- **Activity**: Copy the data that appears below exactly. Drop the pictures.

Start of Supplied information

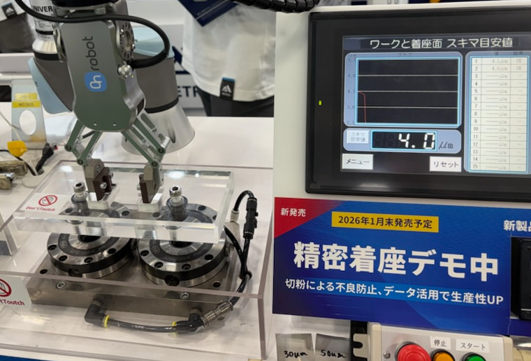 協働ロボットによるワーク自動運搬時の着座確認デモをご用意。測定データのPLC、PC表示事例もご覧頂けます。
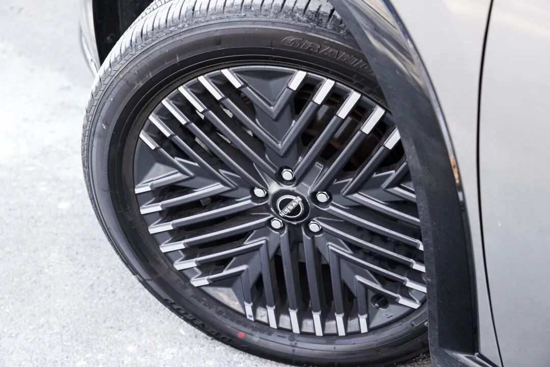 轮圈样式有“显眼包”的嫌疑,好看与否因人而异,试驾车型采用的是邓禄普GRANDTREK PT22系列轮胎,具体规格为255/50 R20。
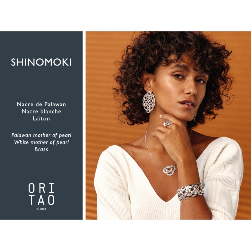 La collection Shinomoki d’Ori Tao explore l’art du tressage métallique en s’inspirant des techniques de vannerie ancestrales. Conçue en laiton plaqué or et argent, cette ligne de bijoux présente des motifs entrelacés qui rappellent le savoir-faire traditionnel, sublimés par l’éclat de la nacre de Palawan et de la nacre blanche. Idéale pour celles qui souhaitent apporter une touche d’artisanat et de raffinement à leur style.

End of Supplied information

- **Exercise output**:
 協働ロボットによるワーク自動運搬時の着座確認デモをご用意。測定データのPLC、PC表示事例もご覧頂けます。
 轮圈样式有“显眼包”的嫌疑,好看与否因人而异,试驾车型采用的是邓禄普GRANDTREK PT22系列轮胎,具体规格为255/50 R20。
 La collection Shinomoki d’Ori Tao explore l’art du tressage métallique en s’inspirant des techniques de vannerie ancestrales. Conçue en laiton plaqué or et argent, cette ligne de bijoux présente des motifs entrelacés qui rappellent le savoir-faire traditionnel, sublimés par l’éclat de la nacre de Palawan et de la nacre blanche. Idéale pour celles qui souhaitent apporter une touche d’artisanat et de raffinement à leur style.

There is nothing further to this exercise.